Current Research in the WetLab
Single cell trapping in a microfluidic device
Obtaining single cell data is a challenging task. For yeast cells, volumina of roughly 100 fL has to be measured as exact as possible. We choose the microscope in combination with microfluidic devices as best technique for our purposes. The microscope offers temporal and spartial resolution not reached by any other method in this combination. Microfluidic devices are ideal to control and change the experimental conditions for liquid cultured yeast cells. The device is designed to trap cells in a continuous flow of fresh media and wash away daughter cells. Using an analogon of pulse width modulation from electrical engineering, it is possible to adjust concentrations of inducers or ligands fast and accurate.
Observing transcription in live cells using tagged bacteriophage coat proteins has become popular in recent years. We utilize the PP7 system and its stem loops in an inducible background. Yeast cells are incubated and observed in a microfluidic chip designed for single cell studies.

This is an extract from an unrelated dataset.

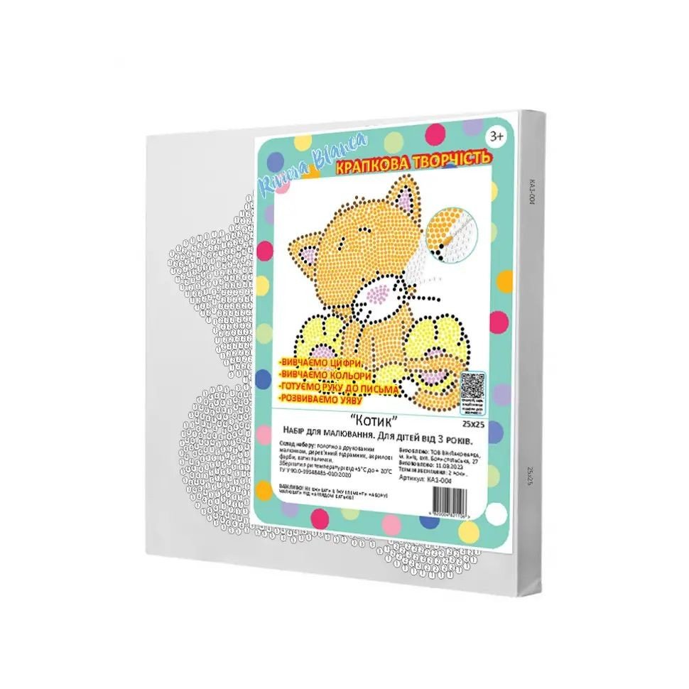 Опис Картина за номерами, дитяча "Котик" (25х25 см)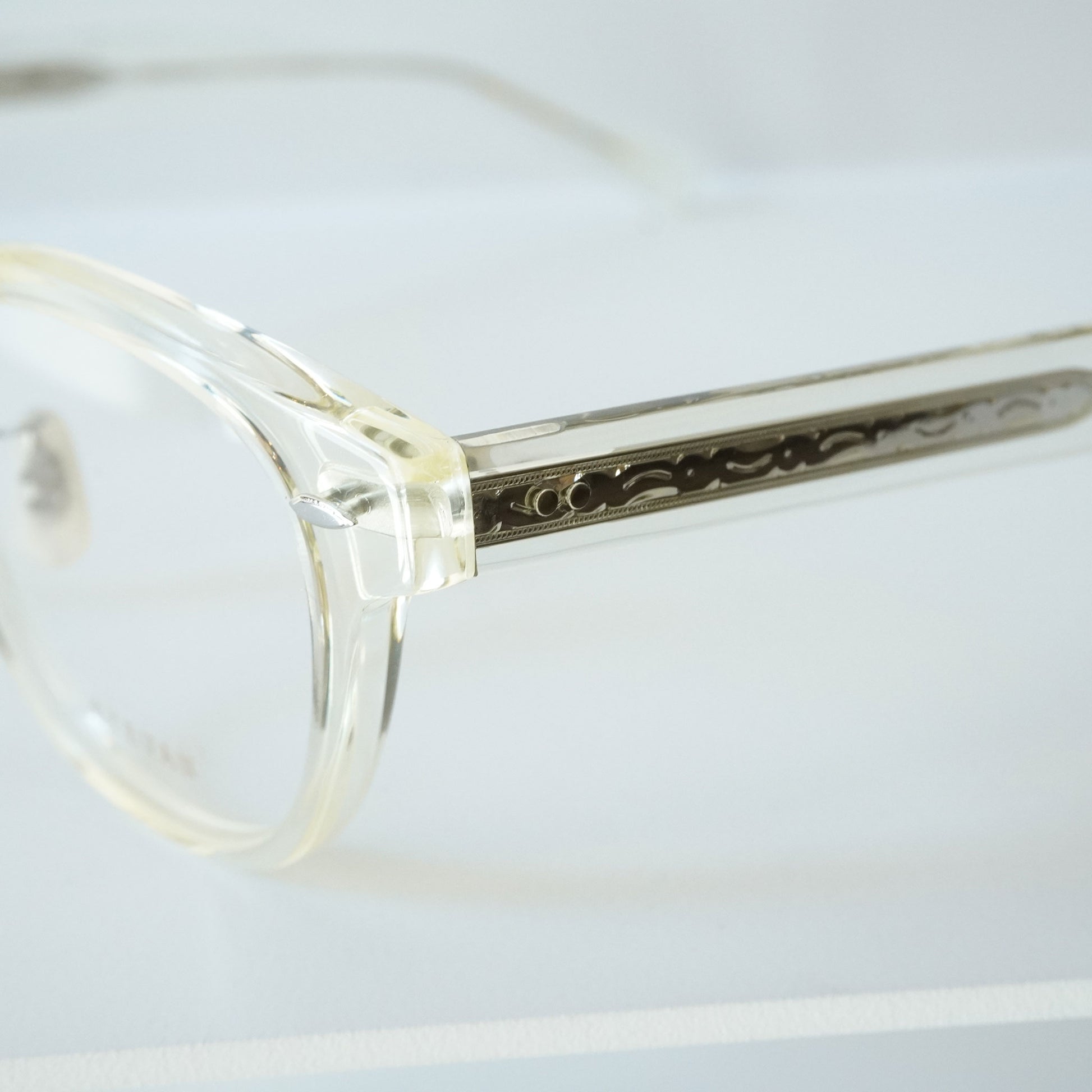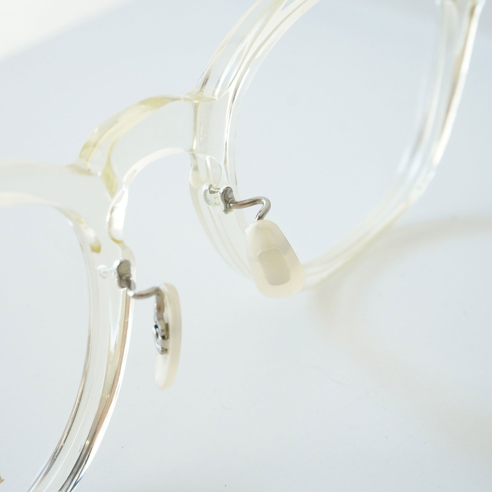 肌馴染みのいいシャンパンカラーです。クリアフレームをお探しの方に人気があります。

Upon induction with β-estradiol, transcription is initialized and transcription sites become visible through the accumulation of PP7-GFP fusion protein onto the synthesized mRNA. Drugs and varying levels of inducer are used to perturb cells in order to study cellular heterogeneity. Intensity time traces of the transcription sites are extracted via image analysis of the 4D data. Due to the non-stationarity resulting from induction, the established autocorrelation-based analysis is not applicable. Instead, we use a rigorous Bayesian approach to jointly analyze measurements from several cells in order to quantify heterogeneity and to calibrate and compare different models for transcription elongation. This also facilitates a unified treatment of photo-bleaching and measurement noise parameters. We show that elongation and termination rates and the number of polymerases involved can be estimated with reasonable confidence. We also investigate the evidence for the stalling of polymerases due to the simultaneous recruitment of several RNAPs.
Cell Free System
RNA-based regulators have recently emerged as a promising tool to control gene expression. Newly discovered transcriptional regulators have been shown to exhibit high robustness, reversibility, and in particular faster signal propagation than the traditional proteins-based circuits. This makes them a platform of choice for a wide range of applications, from molecular diagnostics to RNA circuit engineering. However, despite previous efforts to characterize certain types of transcriptional circuits, little work has been done on studying and prototyping the combinatorial effect of these new tools for matching the needs of higher complexity circuits. Here, we base our work on an Escherichia coli-based cell-free transcription-translation (TX-TL) system for rapidly implementing different synthetic circuits of increasing complexity. Cell-free systems offer an appealing and robust alternative environment to the classical lengthy design-build-test cycles associated with in vivo studies. Through the use of this platform, we investigate novels designs of logic and dynamical circuits based solely on the combination of varied RNA regulators, such as transcriptional and translational riboswitches as well as the recent Small transcription activating RNAs (STARs).
Collective motion occurs when a number of similar agents adopt the same interaction rules. These rules non-linearly determine the behavior of a group as a whole. The bacterial swarming, as one example, allows a lot of control over the experiments but since there are a lot of obscured factors influencing the dynamics, the rules determining a swarming pattern remain unclear. We conduct experiments with B. subtilis in microfluidic channels in different media, e.g. YEPD, Terrific Broth Sigma, and SOB, as well as on agar plates, in order to achieve highly-correlated bacterial swarming and to determine interaction rules in the system. Afterwards, we capture the bacterial behavior as a sequence of images. The images are then processed in order to perform the multi-target tracking and construct a set of trajectories per each bacterium. When the tracking is performed, we regard its output as observational data and use it for inferring models, e.g. a self-propelled rods model, and their parameters that conform to the data as close as possible.